In Heizmann’s study of military sanitation and hygiene in the Renaissance, he notes that the proportion of sieges to battles during the period was 2 to 1, probably owing to the introduction of the new heavy artillery. Of the fifty-seven besieged towns studied, twenty-four were eventually reduced by assault, twenty capitulated, and in thirteen cases the siege was abandoned.50 In almost every case of capitulation or abandonment, one or both armies suffered heavy casualties from disease. In only a single instance, at the siege of Metz in 1552, can one find any attempt by military commanders to prevent disease. So uncommon were such attempts that the siege of Metz is regarded as the period’s high-water mark for military sanitation.
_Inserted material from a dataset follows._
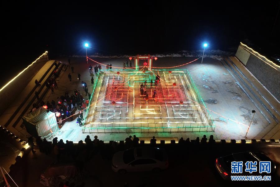 在武乡县大有乡王庄沟村广场上,村民们在九曲黄河灯阵中观灯(2月16日无人机拍摄)。 新华社记者 詹彦 摄

The siege provides an example of what happened when one army made attempts at military sanitation and the other did not. Charles V laid siege to the town on October 20 with a force of almost 220,000 men going against the city’s force of fewer than 6,000 troops commanded by Francis, Duke of Guise. The besieging army conducted sanitary affairs as usual, and by December 26 it had lost more than 20,000 men to disease. The main killers were typhus, dysentery, and scurvy.51 Although the losses to disease were not unusually large as a percentage of force for that time, they were great enough to force Charles V to abandon the siege.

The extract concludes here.